Nicolas Malebranche, Eclaircissement de La recherche de la vérité, XI.

Texte n°7 :

« Il me semble fort utile de considérer que l’esprit ne connaît les choses qu’en deux manière :
par lumière et par sentiment. Il voit les choses par lumière lorsqu’il en a une idée claire et
qu’il peut, en consultant cette idée, découvrir toutes les propriétés dont elles sont capables. Il
voit les choses par sentiment lorsqu’il ne trouve point en lui-même d’idée claire de ces choses
pour la consulter ; qu’il ne peut ainsi en découvrir clairement les propriétés ; qu’il ne les
connaît que par un sentiment confus, sans lumière et sans évidence. C’est par la lumière et par
une idée claire que l’esprit voit les essences des choses, les nombres et l’étendue. C’est par
une idée confuse ou par sentiment qu’il juge de l’existence des créatures et qu’il connaît la
sienne propre. »

Nicolas Malebranche, Eclaircissement de La recherche de la vérité, X.

Texte n°8 :

« À côté de ces particulières sensations de plaisir qui à l’occasion et qui en raison de certaines
impressions sont excitées en nous, nous ne pouvons pas ne pas découvrir un certain sentiment
général de plaisir qui accompagne notre être et qui, loin d’apparaître et de disparaître comme
le font les autres sensations, reste fixe et permanent et maintient en nous une fermeté
constante et ininterrompue. Bien que nous n’ayons aucune occasion particulière de nous
réjouir ou d’être incités au plaisir par quelque cause externe, par l’un quelconque de ces objets
sensibles qui nous entourent, bien que toutes choses près de nous restent silencieuses et que
nos pensées non plus ne sont nullement absorbées par quelque objet extraordinaire, nous
sentons néanmoins un certain plaisir dans notre existence même, non dans le fait d’être ceci
ou cela, ou d’être dans un tel état physique ou moral, mais absolument et simplement dans
notre être, dans le fait d’être conscients en nous-mêmes d’être.
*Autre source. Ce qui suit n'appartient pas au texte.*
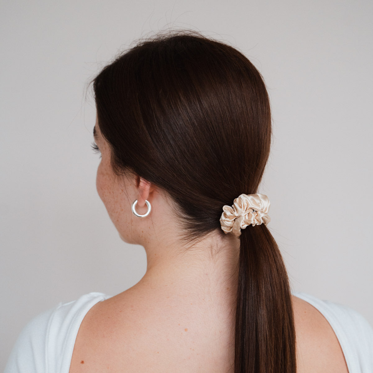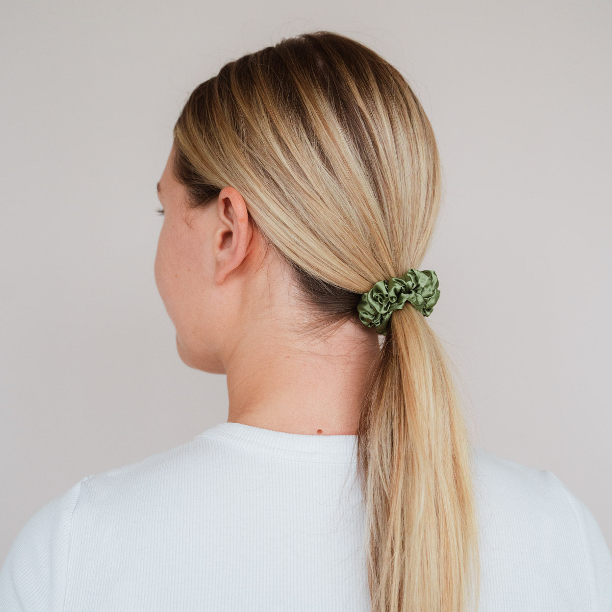 Starker Halt, unsere Scrunchies geben deiner Frisur den ganzen Tag (oder Nacht) einen sicheren und sanften Halt.

Ce plaisir général que nous
donne le simple fait d’être, chacun peut l’éprouver bien plus adéquatement que je ne saurais le
décrire. »

John Norris, Practical Discourses.


Texte n°9 :

« Celui qui affirme dogmatiquement que telle chose est naturellement bonne ou mauvaise est
dans un trouble continuel. Quand il lui manque les choses qu’il considère comme bonnes, il
estime qu’il est persécuté par les maux naturels et il court après ce qu’il pense être les biens.
Les a-t-il obtenus, il tombe dans des troubles plus nombreux du fait qu’il est dans une
exaltation sans raison ni mesure, et que, craignant un changement, il fait tout pour ne pas
perdre ce qui lui semble être des biens. Mais celui qui ne détermine rien sur les biens et les
maux selon la nature ne fuit ni ne recherche rien fébrilement ; c’est pourquoi il est tranquille.
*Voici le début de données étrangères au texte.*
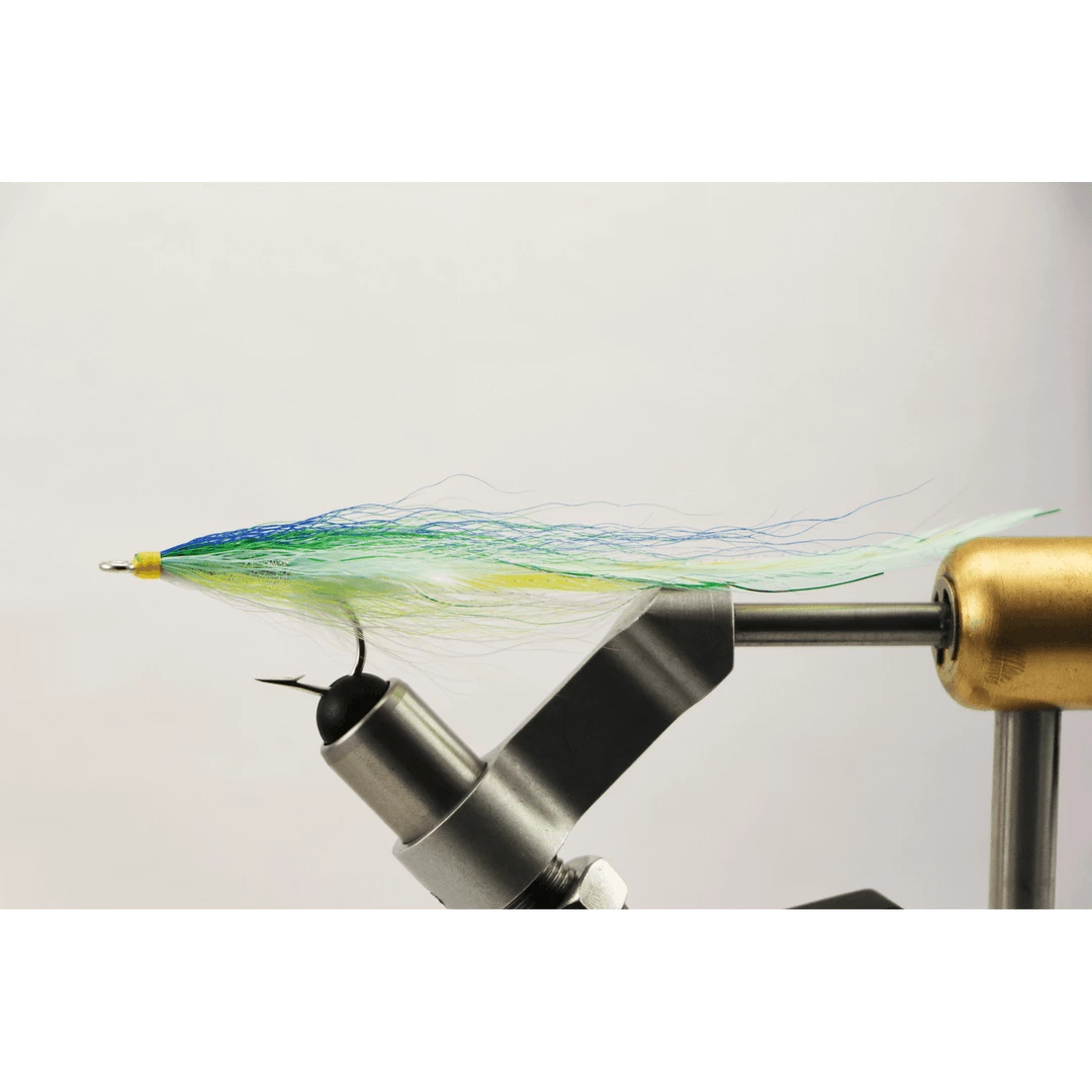 Halfway between a Rhody Flat Wing and Ray’s Fly, ths blue, yellow and green bucktail fly will crush bass all season long!

En fait, il est arrivé au sceptique ce qu’on raconte du peintre Apelle. On dit que celui-ci, alors
qu’il peignait un cheval et voulait imiter dans sa peinture l’écume de l’animal, était si loin du
but qu’il renonça et lança sur la peinture l’éponge à laquelle il essuyait les couleurs de son
pinceau ; or quand elle l’atteignit, elle produisit une imitation de l’écume du cheval. Les
sceptiques, donc, espéraient aussi acquérir la tranquillité en tranchant face à l’irrégularité des
choses qui apparaissent et qui sont pensées, et étant incapables de faire cela, ils suspendirent
leur assentiment. Mais quand ils eurent suspendu leur assentiment, la tranquillité s’ensuivit
fortuitement, comme l’ombre suit un corps. »

Sextus Empiricus, Esquisses pyrrhoniennes, I, 12.